Republican Dwight H. Green won the election.

Democratic primary

Candidates
Harry B. Hershey, former mayor of Taylorville
Albert Lagerstedt, unsuccessful candidate for Democratic nomination in 1938 United States Senate election in Illinois
Robert W. McKinlay
James O. Monroe
John H. Stelle, incumbent lieutenant governor of Illinois

Results

Republican primary

Candidates
Dwight H. Green, Republican nominee for mayor of Chicago in 1939
Richard J. Lyons, former Illinois state representative

General election

Lieutenant Governor

Incumbent lieutenant governor John Henry Stelle, a Democrat, did not seek reelection to a second term, instead opting to run for governor.

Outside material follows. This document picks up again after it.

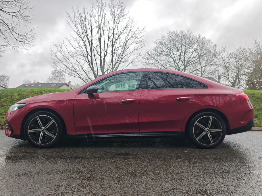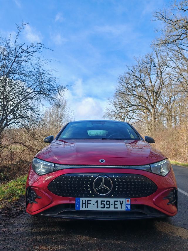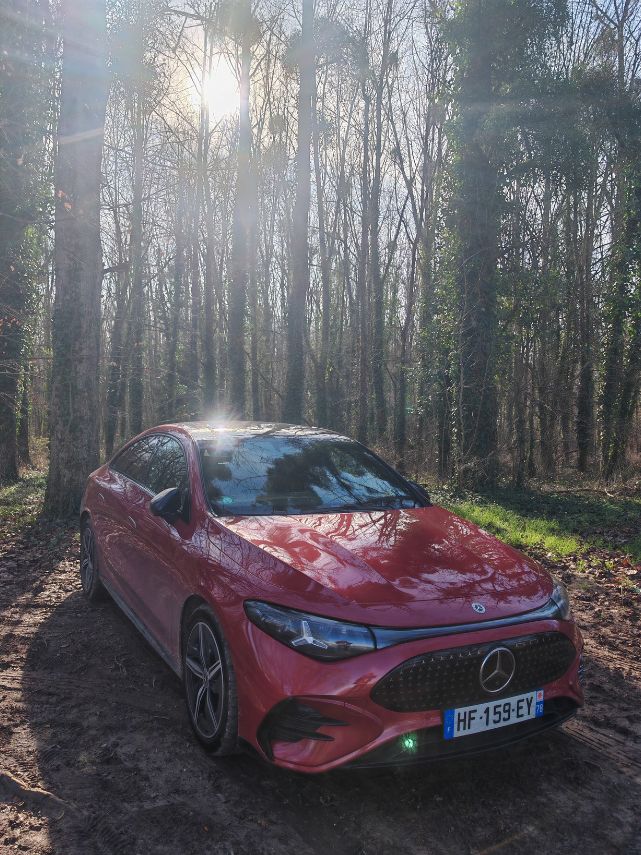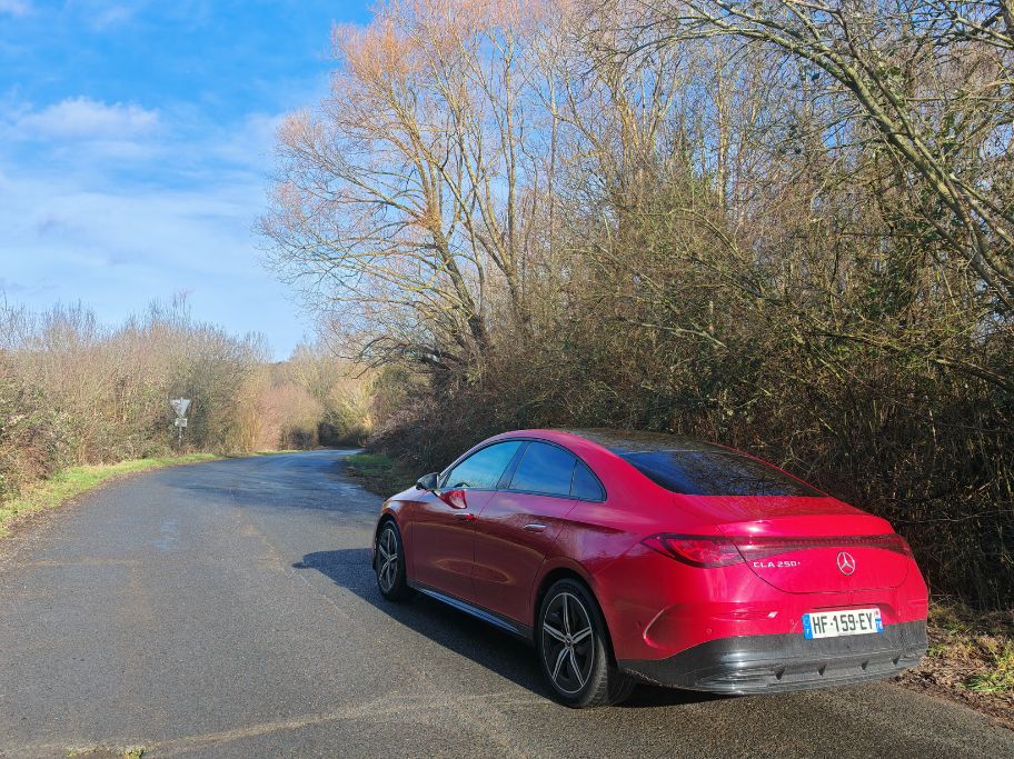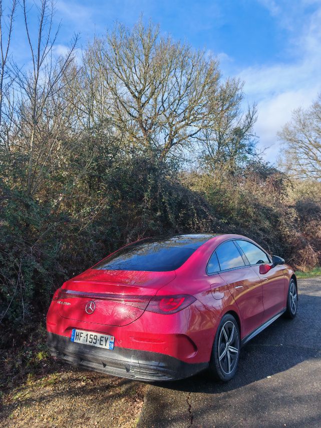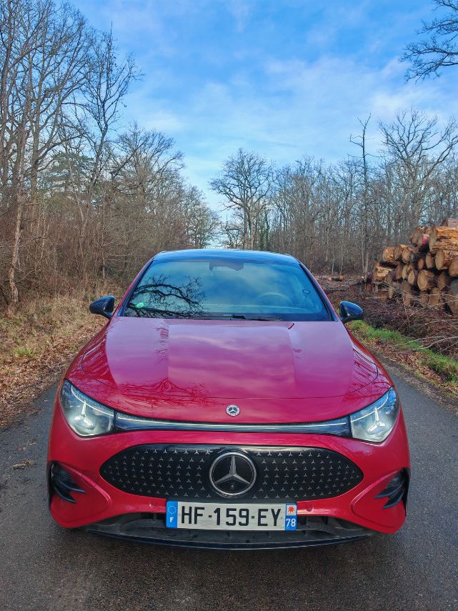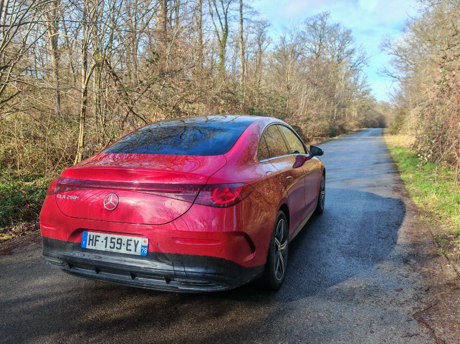 Pour les jantes pleines de 18 pouces, je suis moins enthousiaste mais ce Rouge Patagonie (comme celui de l’AMG A 45 S même s’il apparaît plus terne) en option à 300 € réhausse complètement la ligne. Les feux avant sont plus sympa que ceux à l’arrière. Je reste un peu dubitatif sur les grands bandeaux lumineux de part et d’autre. Mais bon, j’ai dit que je l’aimais bien donc je l’aime bien cette CLA de 3è génération.

Republican Hugh W. Cross was elected to succeed him.

Democratic primary

Candidates
Louie E. Lewis, Illinois treasurer
George M. Maypole, Illinois state senator

Results

Republican primary

Candidates
John V. Clinnin, unsuccessful candidate for Republican nomination for lieutenant governor in 1936
Guy C. Crapple
Hugh W. Cross, State Representative
Charles Hindley
William C. Jerome
Arnold L. Lund, Republican nominee for the 6th congressional district in 1934
Earle Benjamin Searcy, Illinois state senator

Results

General election

Attorney General 

 
Incumbent Attorney General John Edward Cassidy, a Democrat appointed in 1938 after fellow Democrat Otto Kerner Sr. resigned to accept a federal judgeship, did not seek reelection to a full term. Republican George F. Barrett was elected to succeed him.

Democratic primary

Republican primary

Candidates
George F. Barrett
Oscar E. Carlstrom, former Illinois attorney general
Frank R. Eagleton, former assistant Illinois attorney general
Charles W. Hadley
Edward A. Hayes,  former commander of The American Legion
George Landon

Results

General election

Secretary of State 

Incumbent second-term Secretary of State Edward J. Hughes, a Democrat, was reelected.

Democratic primary

Republican primary
Justus L. Johnson won the Republican primary, defeating businessman Richard Yates Rowe and Illinois state senator Arthur J. Bidwill.

General election

Auditor of Public Accounts 

Incumbent third-term Auditor of Public Accounts Edward J. Barrett, lost renomination in the Democratic primary. Republican Arthur C. Lueder was elected to succeed him.

Democratic primary
Incumbent Edward J. Barrett narrowly lost renomination to U.S. congressman and former Illinois state treasurer John C. Martin.

Republican primary

Candidates
John William Chapman, former Chicago alderman
Henry G. Hansen
Arthur C. Lueder, former Chicago postmaster and Republican nominee for mayor of Chicago in 1923
William R. McCauley
Oscar Nelson, former Illinois auditor of public accounts, former Chicago alderman, former interim president of the Building Service Employees International Union
Edward A. O'Connor
Charles W. Vail
Edward T. O'Connor

Results

General election

Treasurer 

Incumbent first-term Treasurer Louie E. Lewis, a Democrat, did not seek reelection, instead running for lieutenant governor. Republican Warren Wright was elected to succeed him in office.

Democratic primary

Republican primary

General election

State Senate
Seats of the Illinois Senate were up for election in 1940. Republicans flipped control of the chamber.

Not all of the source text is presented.